GETTING_STARTED.md

## Getting Started with DiffusionDet


### Installation

The codebases are built on top of [Detectron2](https://github.com/facebookresearch/detectron2), [Sparse R-CNN](https://github.com/PeizeSun/SparseR-CNN), and [denoising-diffusion-pytorch](https://github.com/lucidrains/denoising-diffusion-pytorch).
Thanks very much.

#### Requirements
- Linux or macOS with Python ≥ 3.6
- PyTorch ≥ 1.9.0 and [torchvision](https://github.com/pytorch/vision/) that matches the PyTorch installation.
  You can install them together at [pytorch.org](https://pytorch.org) to make sure of this
- OpenCV is optional and needed by demo and visualization

#### Steps
1. Install Detectron2 following https://github.com/facebookresearch/detectron2/blob/main/INSTALL.md#installation.

2. Prepare datasets
```
mkdir -p datasets/coco
mkdir -p datasets/lvis

ln -s /path_to_coco_dataset/annotations datasets/coco/annotations
ln -s /path_to_coco_dataset/train2017 datasets/coco/train2017
ln -s /path_to_coco_dataset/val2017 datasets/coco/val2017

ln -s /path_to_lvis_dataset/lvis_v1_train.json datasets/lvis/lvis_v1_train.json
ln -s /path_to_lvis_dataset/lvis_v1_val.json datasets/lvis/lvis_v1_val.json
```

3. Prepare pretrain models

DiffusionDet uses three backbones including ResNet-50, ResNet-101 and Swin-Base. The pretrained ResNet-50 model can be
downloaded automatically by Detectron2. We also provide pretrained
[ResNet-101](https://github.com/ShoufaChen/DiffusionDet/releases/download/v0.1/torchvision-R-101.pkl) and
[Swin-Base](https://github.com/ShoufaChen/DiffusionDet/releases/download/v0.1/swin_base_patch4_window7_224_22k.pkl) which are compatible with
Detectron2. Please download them to `DiffusionDet_ROOT/models/` before training:

```bash
mkdir models
cd models
# ResNet-101
wget https://github.com/ShoufaChen/DiffusionDet/releases/download/v0.1/torchvision-R-101.pkl

# Swin-Base
wget https://github.com/ShoufaChen/DiffusionDet/releases/download/v0.1/swin_base_patch4_window7_224_22k.pkl

cd ..
```

Thanks for model conversion scripts of [ResNet-101](https://github.com/PeizeSun/SparseR-CNN/blob/main/tools/convert-torchvision-to-d2.py)
and [Swin-Base](https://github.com/facebookresearch/Detic/blob/main/tools/convert-thirdparty-pretrained-model-to-d2.py).

4. Train DiffusionDet
```
python train_net.py --num-gpus 8 \
    --config-file configs/diffdet.coco.res50.yaml
```

5. Evaluate DiffusionDet
```
python train_net.py --num-gpus 8 \
    --config-file configs/diffdet.coco.res50.yaml \
    --eval-only MODEL.WEIGHTS path/to/model.pth
```

* Evaluate with arbitrary number (e.g 300) of boxes by setting `MODEL.DiffusionDet.NUM_PROPOSALS 300`.
* Evaluate with 4 refinement steps by setting `MODEL.DiffusionDet.SAMPLE_STEP 4`.

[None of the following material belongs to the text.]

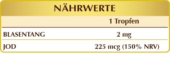 Bidestilliertes pflanzliches Glycerin, reines Wasser, Blasentang (Fucus vesiculosus) Thallus (Alge) F.G.E., Fructose, Kaliumjodid.
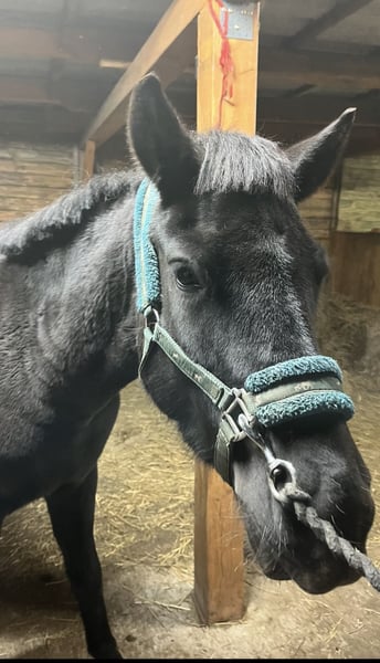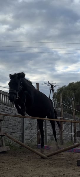 Witam, sprzedam/lub zamienię zgrabną i bardzo inteligentną klacz huculska Amelka (Goral). - ma 4 lata, ok.135 w kłębie, Prawidlowe kopyta, zdrowa, duża odporność - urodziła źrebaka 7 msc temu, przekazuje bardzo dobre geny i dobrą głowę, jest bardzo dobrą matką. Źrebak po niej jest elektryczny, ładny lekki ruch, bardzo skoczny, szukający kontaktu z ludźmi, gruba sierść, bardzo gęsta grzywa i ogon - na padoku bezproblemowa, unika sprzeczek -dostałam ją jak była w stanie surowym, nauczyłam ją całych podstaw -czyszczenie, podawanie kopyt, odczulanie, lonża, początki zajeżdżania, wyjazdów w teren - kobyłka jest elektryczna ale bardzo spokojna, na stanowisku można ją zostawić a ona będzie stać bez ruchu, na spacerach bardzo spokojna z ręką na sercu można dać dziecku i wiem że nic nie zrobi i będzie grzecznie szła ( u nas chodzi często jako koń czołowy ze względu na swoją odwagę i niepłochliwość), jest totalnie bombo odporna. Grzecznie chodzi na lonży, nie ma problemu z zakładaniem sprzętu, jest w trakcie zajeżdżania (póki co stęp i kłus) ale i tak przyjmuje niedoświadczonych jeźdźców - do każdego jest bardzo kochana i przyjazna - bardzo skoczna i szybka, kocha skakać. W korytarzu sama leci aby skoczyć (pierwszy raz w korytarzu skoczyła 85 cm z możliwościami na dużo więcej) bardzo dobra technika skoku. W przyszłości napewno dobrze się sprawdzi w skokach jak i zawodach - filmiki i zdjęcia wysyłam na Messenger lub Whatsapp, do wglądu również ruch źrebaka - sprzedaje z bólem serca ze względu na potrzebę czegoś większego - więcej info na pv, cena do lekkiej nego :)

We also provide the [pretrained model](https://github.com/ShoufaChen/DiffusionDet/releases/download/v0.1/diffdet_coco_res50_300boxes.pth)
of [DiffusionDet-300boxes](configs/diffdet.coco.res50.300boxes.yaml) that is used for ablation study.


### Inference Demo with Pre-trained Models
We provide a command line tool to run a simple demo following [Detectron2](https://github.com/facebookresearch/detectron2/tree/main/demo#detectron2-demo).

```bash
python demo.py --config-file configs/diffdet.coco.res50.yaml \
    --input image.jpg --opts MODEL.WEIGHTS diffdet_coco_res50.pth
```

We need to specify `MODEL.WEIGHTS` to a model from model zoo for evaluation.
This command will run the inference and show visualizations in an OpenCV window.

For details of the command line arguments, see `demo.py -h` or look at its source code
to understand its behavior. Some common arguments are:
* To run __on your webcam__, replace `--input files` with `--webcam`.
* To run __on a video__, replace `--input files` with `--video-input video.mp4`.
* To run __on cpu__, add `MODEL.DEVICE cpu` after `--opts`.
* To save outputs to a directory (for images) or a file (for webcam or video), use `--output`.